Texte de l`atelier de Judi Chamberlin. Présenté lors de L`Événement
Texte de l'atelier de Judi Chamberlin.
Présenté lors de
L’Événement « survivre et sur vivre » organisé par Folie/Culture
Québec, novembre 1997
Conférence de Judi Chamberlin
(traduit par Caroline Bérubé, Charles Rice, Nicole Leclerc et Vesta Jobidon)

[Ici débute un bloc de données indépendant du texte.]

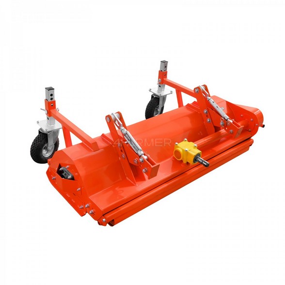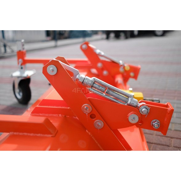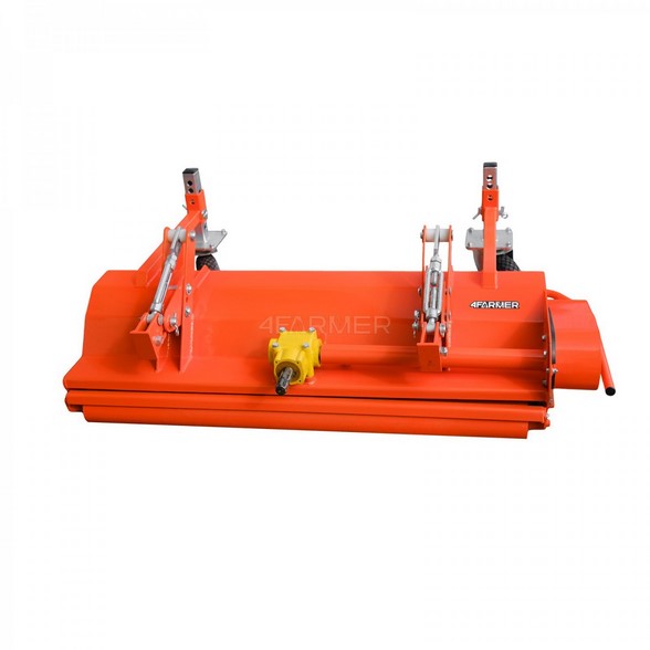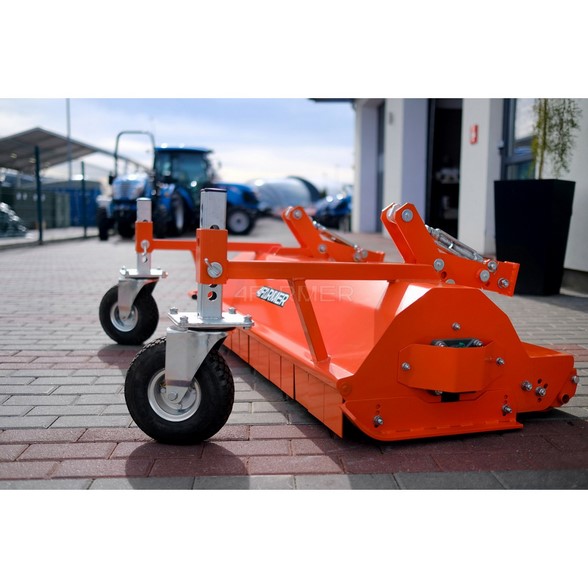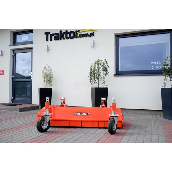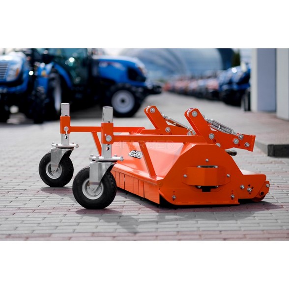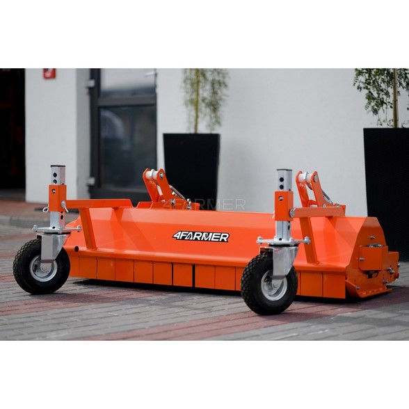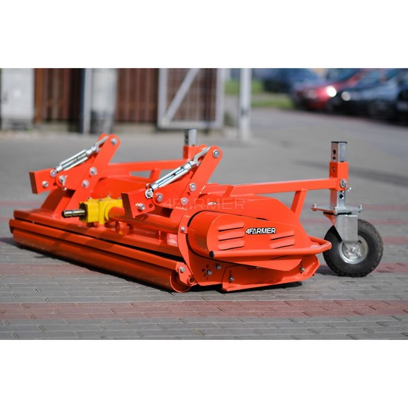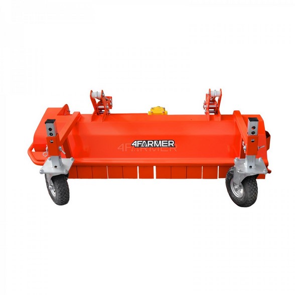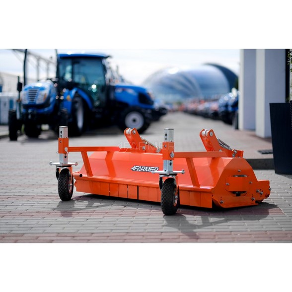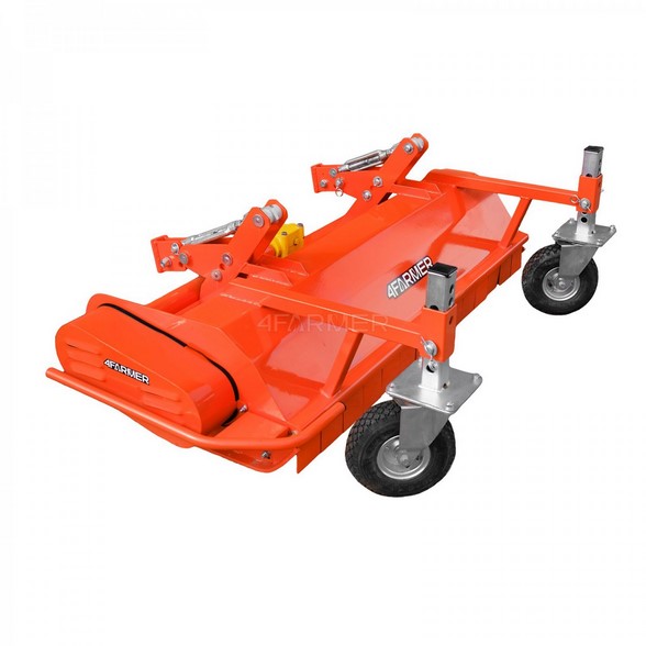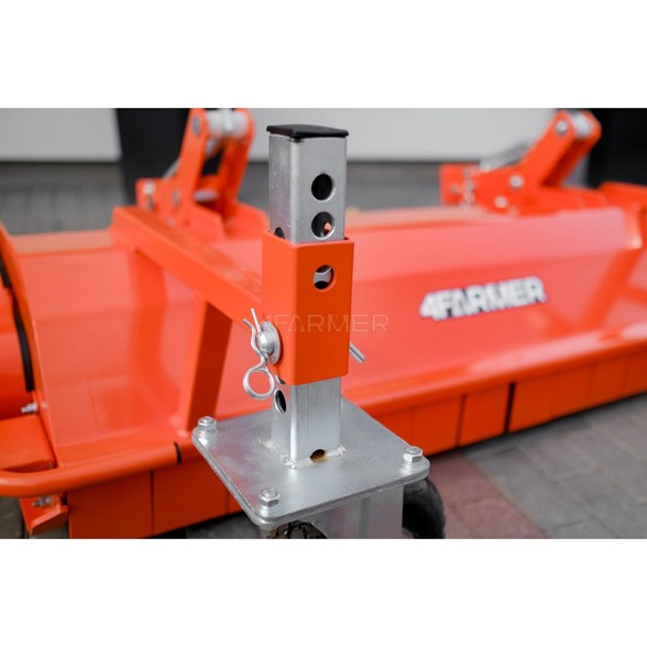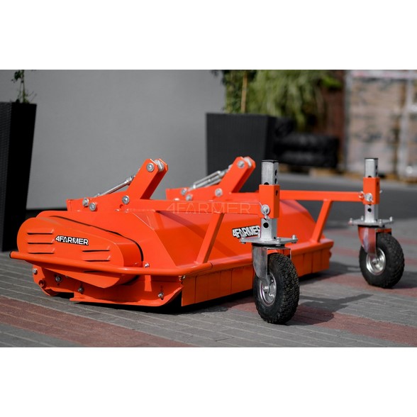 Solidne urządzenie rotacyjne typu bijakowego marki 4Farmer montuje się na przodzie ciągnika. Dwa koła podporowe pozwalają na precyzyjną regulację wysokości koszenia. Jest to szczególnie przydatne, gdy koszenie odbywa się w różnych warunkach terenowych.

Instigatrice du mouvement de défense des droits des personnes psychiatrisées aux États-Unis
dans les années soixante-dix, Judi Chamberlin, ex-psychiatrisée, a inspiré plusieurs groupes
communautaires oeuvrant en défense des droits. Elle est l’auteure du livre culte On Our Own :
Patient-Controlled Alternatives to the Mental Health System, publié en 1978.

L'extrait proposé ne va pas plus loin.